# Angeln in Sri Lanka?



## davidpil (3. Oktober 2007)

Hoi 

ich fahr über die winterferien nach sri lanka. und hab mir gedacht ich könnte vielleicht ne angel mitnehmen und mal probiern nen fisch zu fangen .

hat einer erfahrung mim angeln da?
ich denke, dass ich nur von der küste aus angeln werde. Auf was sollte ich achten (köder, rute....) ? und brauche ich irgendeine erlaubnis, oder darf da jeder angeln?

Schon mal vielen dank 

#h


----------



## davidpil (10. Oktober 2007)

*AW: Angeln in Sri Lanka?*

hmmm noch niemand in sri lanka geangelt?


----------



## Tomasz (10. Oktober 2007)

*AW: Angeln in Sri Lanka?*

Da gewesen schon. Geangelt habe ich aber nicht. Wenn sich mich recht erinnere standen die Einheimischen am Strand oder saßen auf einem Bambusstock und haben im Brandungssaum geangelt. Da waren Bambusruten oder einfach nur aufgewickelte Schüre im Spiel. Geangelt wurde mit einem dickem Blei (!) und kleinem Haken. Am Haken hing ein Stück Fleisch. Gefangen wurde irgendwelches Kleinkram. Es gibt aber auch im unmittelbaren Hinterland Lagunen, in denen auch mit Bambusrute und Posen gefischt wurde. 
Zu den rechtlichen Bestimmungen kann ich Dir leider nichts sagen. 

Gruß

Tomasz


----------



## leopard_afrika (10. Oktober 2007)

*AW: Angeln in Sri Lanka?*

Waren "Big Game Angeln", haben aber wegen zu starkem Wellengang nicht zu doll gefangen. Kann mich auch nicht mehr genau an den Preis erinnern, war aber o.k.
Ansonsten gab es bei unserem Hotel ein vorgelagertes Riff und Felsen, wo die Einheimischen angelten. Da wäre ich als Touri aber vorsichtig, da die Einheimischen, die dort angelten, wenigstens die sehr gefährlichen Strömungen kennen. Habe selbst gesehen, wie die Leichen von unvorsichtigen Urlaubern durch die Hotellobby getragen wurden.


----------



## Dart (10. Oktober 2007)

*AW: Angeln in Sri Lanka?*



leopard_afrika schrieb:


> Habe selbst gesehen, wie die Leichen von unvorsichtigen Urlaubern durch die Hotellobby getragen wurden.

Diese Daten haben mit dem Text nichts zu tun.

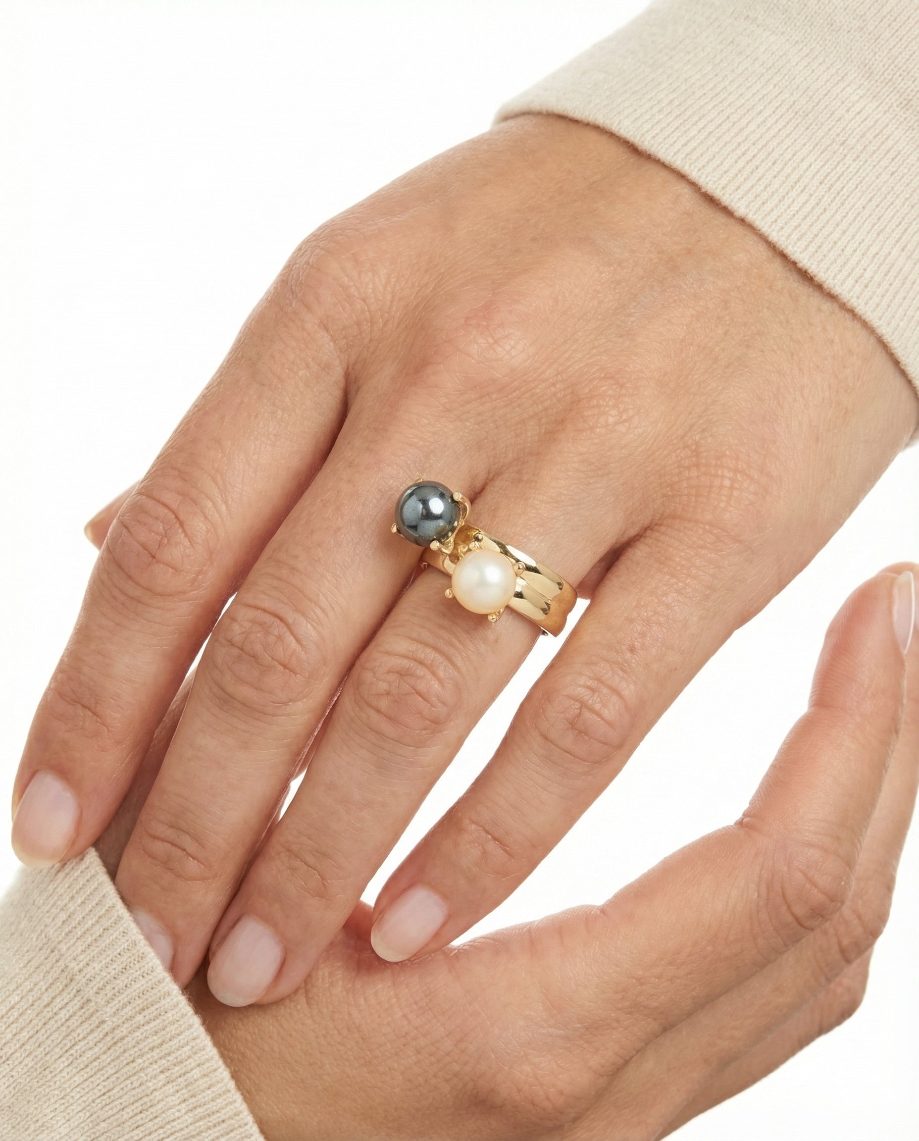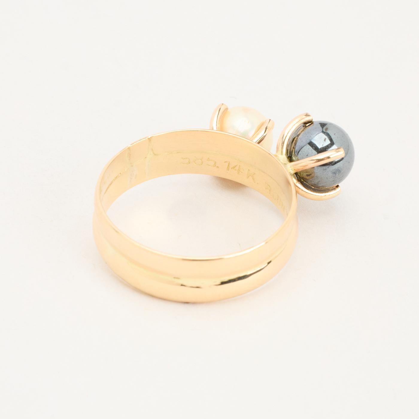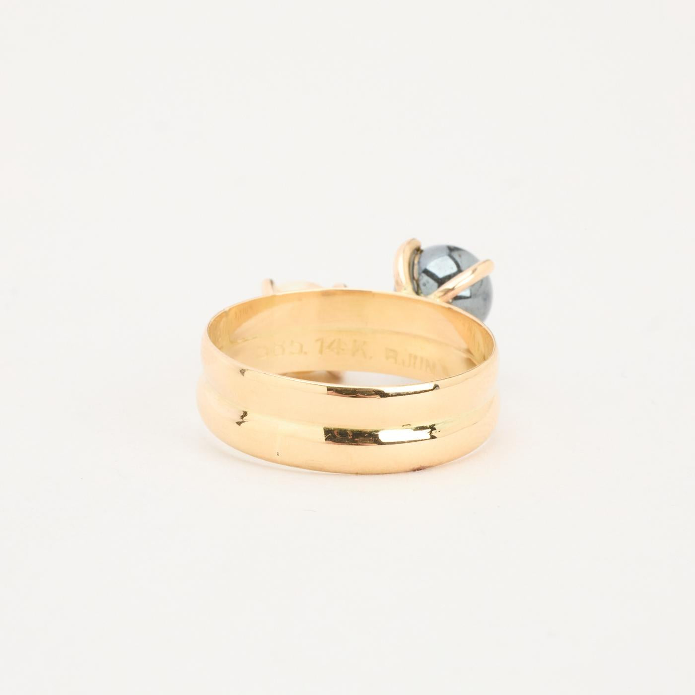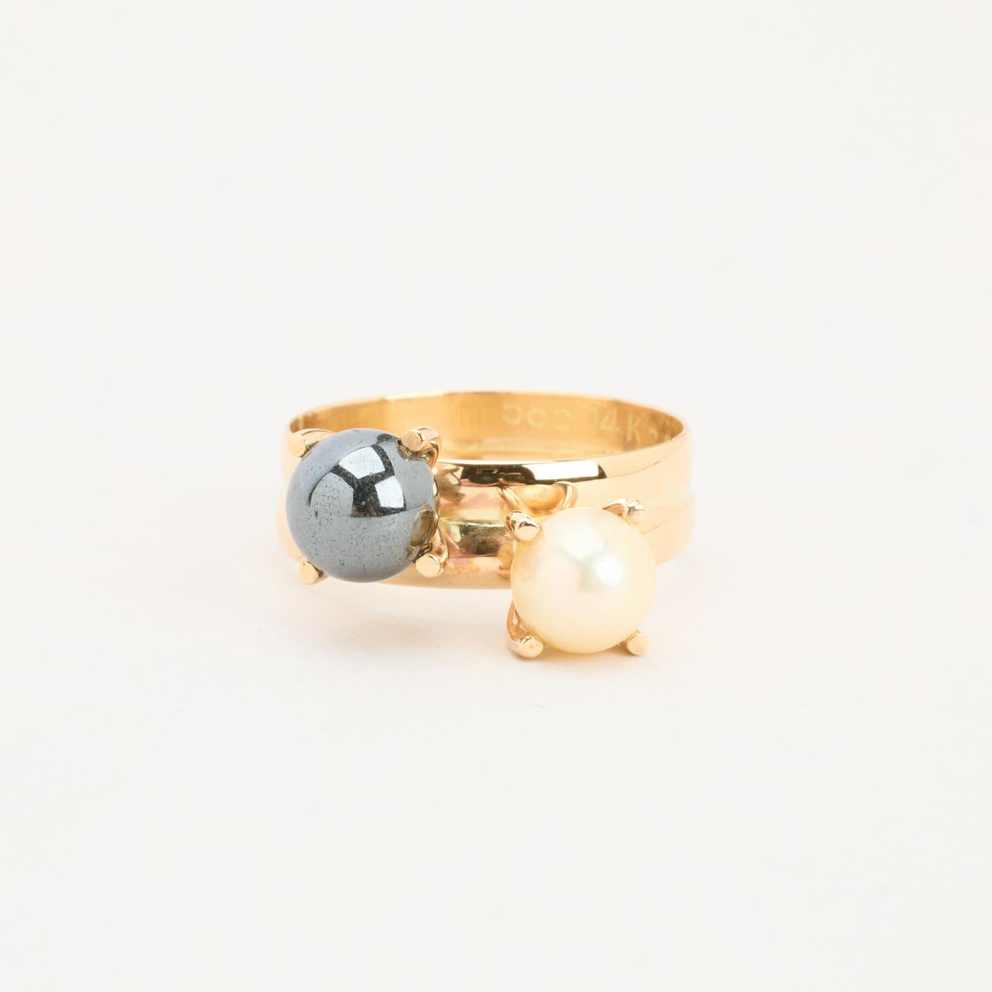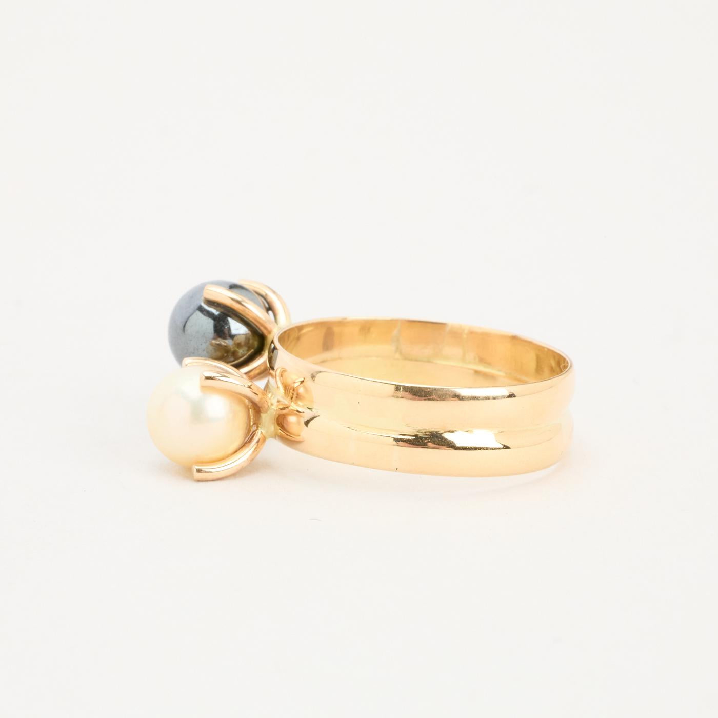 Toi et Moi ring i 14K guld med én hvid sten og én mørk sten, Str. 62, 4.32 g

Sorry für Offtopic... Shockwave, ist ja heftig. Das muss ja ein echt entspannter Urlaub gewesen sein|bigeyes
Gruss Reiner|wavey:


----------



## leopard_afrika (10. Oktober 2007)

*AW: Angeln in Sri Lanka?*

@dart
das mit den toten war schon krass genug, aber warum ich das überhaupt schreibe, man muß überall vor dem meer genügend respekt haben. einer der beiden toten war ein triathlet, durchtrainiert bis sonstwas. aber er hatte die unterströmungen unterschätzt. als er sich auf einer sandbank, auf dem weg zu besagtem riff schon mächtig ausgepumpt, ausruhen wollte, zog es ihm die beine weg wie nichts. jeder rettungsversuch kam zu spät, da selbst die boote der strandboys es schwer hatten, gegen die strömungen anzukämpfen. am krassesten war aber, daß man die leiche nicht am hotel vorbeitrug sondern vollkommen unbeeindruckt durch die zur kaffeezeit vollbesetzte hotellobby.
aber das machte für mich den kohl dann auch nicht mehr fett, sri lanka war für mich kein schöner urlaub. ( siehe auch meine hp, ich hab nicht mal lust, den bericht dort auszubauen, obwohl ich noch viele schöne bilder habe)
aber zum thema: man hielt es nicht für notwendig, uns zu erzählen, daß das fischen bei dem seegang der herrschte, nicht all zu viel sinn macht. den einzigen fisch, den wir fingen, bekamen wir, als das schiff kurzzeitig beim wenden auf see nicht schleppte und der köder zumindest etwas untergehen konnte. ansonsten tanzten diese nur auf riesigen wellen, obwohl gar keine oberflächenräuber zu erkennen waren. na ja, es war eben billig und man war auf dem meer.
was mir noch einfällt, auf der rücktour vom "big game" gab es auch angler auf den uferfelsen, die sich aber dort wegen der brandung auch festgebunden hatten. möchte nicht wissen, wieviel wasser die geschluckt haben.


----------



## getchyouzander (11. Oktober 2007)

*AW: Angeln in Sri Lanka?*

Hi,
@leopard afrika: War das im Hotel Corall Gardens in Hikkaduwa?
Klingt so, mit Riff davor und Strömungen, Bambusrutenanglern.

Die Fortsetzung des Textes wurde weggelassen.